*** INFORMATION PROVIDED Section Begins ***
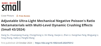 近日,我院徐翔副教授团队的最新研究成果《Adjustable Ultra-Light Mechanical Negative Poisson's Ratio Metamaterials with Multi-Level Dynamic Crushing Effects》被《SMALL》(影响因子IF=13,中科院一区)期刊发表,并被选为2024年第43期的封面论文。
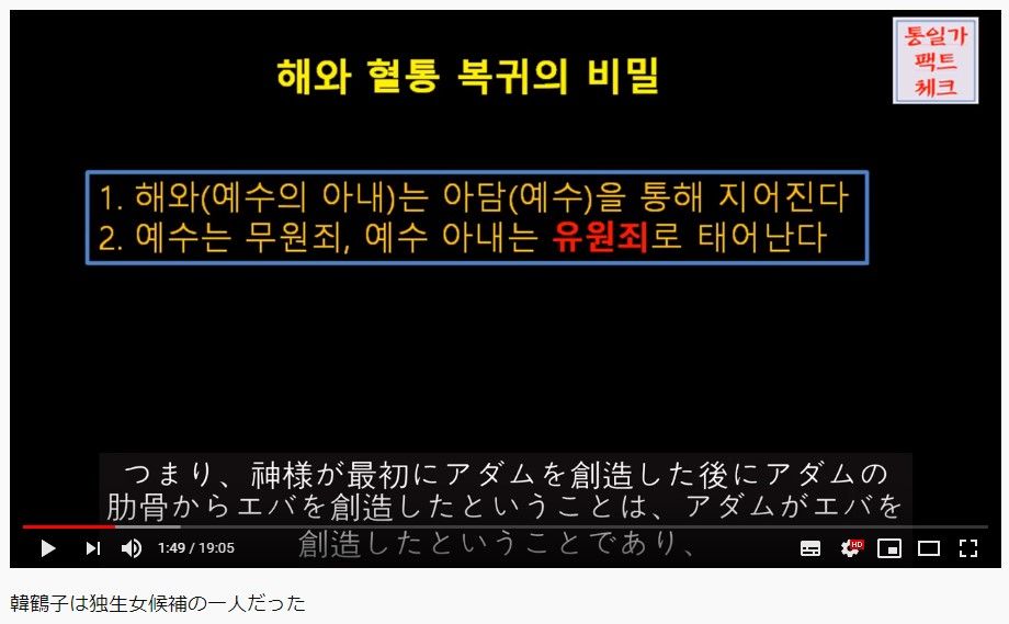 人間始祖アダム・エバについて言えば、最初にアダムを創造されアダムのあばら骨でエバを創造された。金鍾奭氏の動画「韓鶴子は独生女候補の一人だった」(以下)は既に「 UCIを支持する「有志の会」の事実上の〝敗北宣言〟-- 「真の父母様宣布文サイト」から 」で、FPAはその自己弁明にFPAが走っているということだったが、
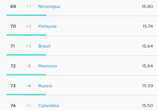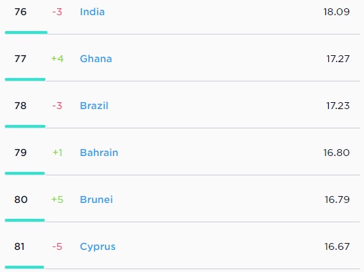 De acordo com o resultado, o Brasil subiu três posições no ranking que avalia a velocidade de conexão na internet móvel, chegando a 71° posição com uma média de 15.64 Mbps de velocidade. A Noruega continua liderando o ranking com uma velocidade média de 59.40 Mbps.
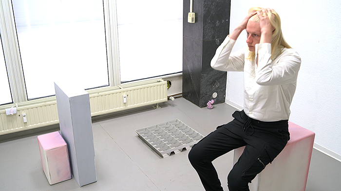 InH00118Steven is a performative sculpture which consist of a sculptural intervention and one accompanying person. The dimensions and the material of the sculptural intervention is based on the body and outfit of the corresponding protagonist. The protagonist repeats one action over and over, as if he were set on loop. The protagonist is running his fingers through his hair constantly. Both the person and the action become part of the sculpture. These actions are performed incidentally and the protagonist is free to talk with the spectators if they want.
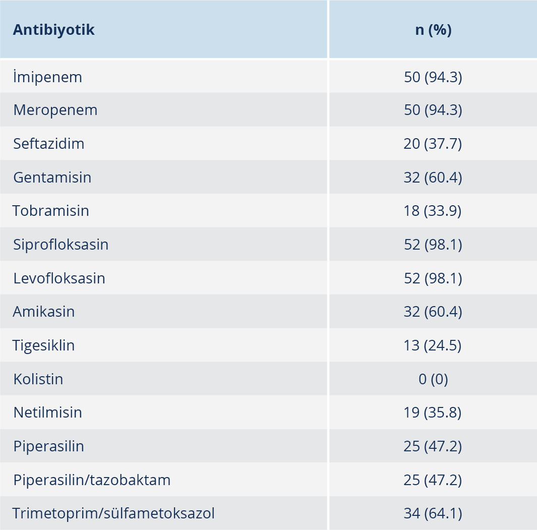 Bulgular: Çalışmamızda bap geni %1.9 oranı ile en düşük saptanan gen olurken, effluks pompa gen bölgelerinden olan adeA geni tüm izolatlarda (%100) tespit edildi. Diğer effluks pompa genleri olan adeB %96.2, adeC %45.3, adeI geni %86.8, adeJ %67.9, adeK %98.1 ve adeR %98.1 oranlarında saptandı. Hücreler arası iletişim genlerinden olan luxI %41.5 oranında, luxR geni ise %47.2 oranında tespit edildi. Karbapenemlere ve kinolon grubu antibiyotiklere karşı yüksek oranda direnç saptanırken, kolistine karşı direnç tespit edilmedi.
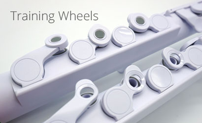 NUVOS training wheels er en hjælp til de mindste elever, der har svært ved at lukke hullerne på jSaxen. Cap’en sættes oven på hullet på klappen, så man blot skal trykke klappen ned uden at tænke på at dække hullet.
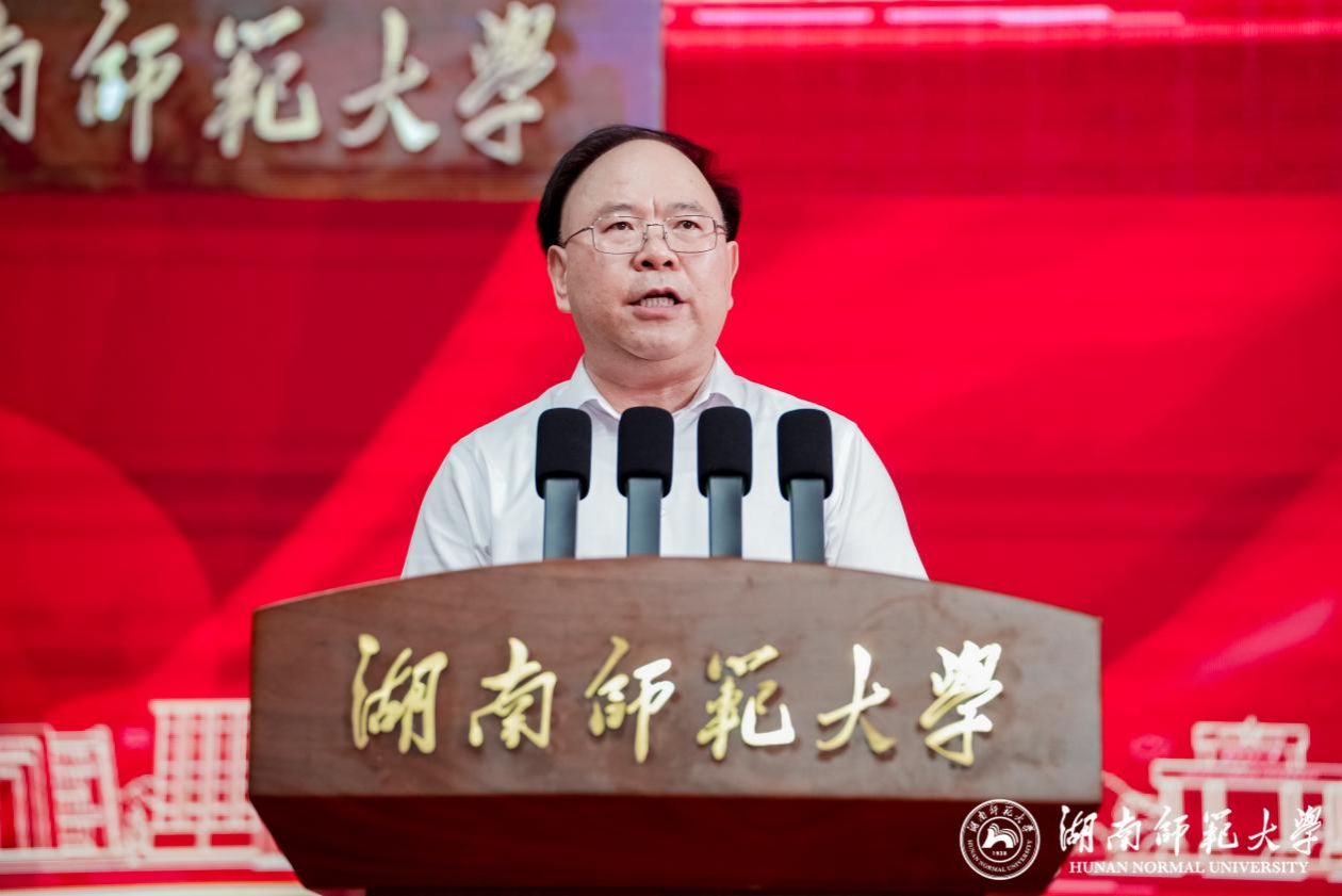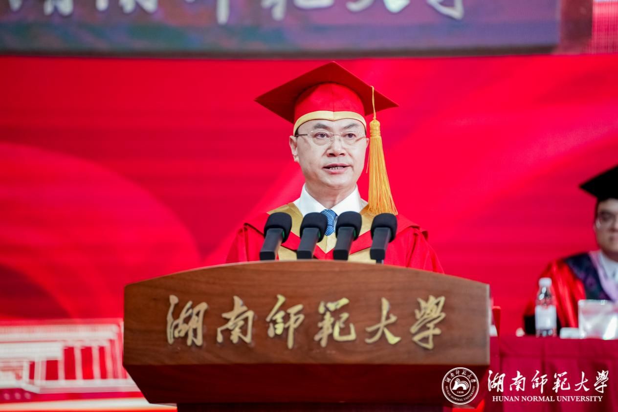 刘仲华校长讲话。他代表学校向圆满完成学业的2025届全体本科毕业生致以热烈祝贺,向所有关心、支持和帮助同学们成长成才的教职员工、亲友、校友和各界人士致以衷心感谢。他深情回顾了同学们在湖南师大与时代同频共振的成长轨迹。他强调,2025届毕业生们以青春为笔、奋斗为墨,共同交出了一份优异答卷。临别之际,他期望同学们要在时代浪潮中找准自我,以“大我”的格局勇担时代使命。要始终将个人成长与国家发展、民族复兴紧密相连,在时代的浪潮中找准航向,勇担使命,以青春热血为国家社会贡献力量;要在开拓创新中超越自我,以“超我”的韧劲勇攀事业高峰。全体师大学子要保持对未知的期待,对创新的热情,在未来赛道上勇毅前行;要在磨炼考验中坚守自我,以“真我”的姿态勇书人生华章。希望全体毕业生坚守自我,明辨是非、恪守底线,寻得心灵的自足与自洽。
*** INFORMATION PROVIDED Section Ends ***
Verbatim transcription needed, from the opening line of the entries above through the line containing "Bulgular: Çalışmamızda bap"; pictures do not belong in it.

 近日,我院徐翔副教授团队的最新研究成果《Adjustable Ultra-Light Mechanical Negative Poisson's Ratio Metamaterials with Multi-Level Dynamic Crushing Effects》被《SMALL》(影响因子IF=13,中科院一区)期刊发表,并被选为2024年第43期的封面论文。
 人間始祖アダム・エバについて言えば、最初にアダムを創造されアダムのあばら骨でエバを創造された。金鍾奭氏の動画「韓鶴子は独生女候補の一人だった」(以下)は既に「 UCIを支持する「有志の会」の事実上の〝敗北宣言〟-- 「真の父母様宣布文サイト」から 」で、FPAはその自己弁明にFPAが走っているということだったが、
 De acordo com o resultado, o Brasil subiu três posições no ranking que avalia a velocidade de conexão na internet móvel, chegando a 71° posição com uma média de 15.64 Mbps de velocidade. A Noruega continua liderando o ranking com uma velocidade média de 59.40 Mbps.
 InH00118Steven is a performative sculpture which consist of a sculptural intervention and one accompanying person. The dimensions and the material of the sculptural intervention is based on the body and outfit of the corresponding protagonist. The protagonist repeats one action over and over, as if he were set on loop. The protagonist is running his fingers through his hair constantly. Both the person and the action become part of the sculpture. These actions are performed incidentally and the protagonist is free to talk with the spectators if they want.
 Bulgular: Çalışmamızda bap geni %1.9 oranı ile en düşük saptanan gen olurken, effluks pompa gen bölgelerinden olan adeA geni tüm izolatlarda (%100) tespit edildi. Diğer effluks pompa genleri olan adeB %96.2, adeC %45.3, adeI geni %86.8, adeJ %67.9, adeK %98.1 ve adeR %98.1 oranlarında saptandı. Hücreler arası iletişim genlerinden olan luxI %41.5 oranında, luxR geni ise %47.2 oranında tespit edildi. Karbapenemlere ve kinolon grubu antibiyotiklere karşı yüksek oranda direnç saptanırken, kolistine karşı direnç tespit edilmedi.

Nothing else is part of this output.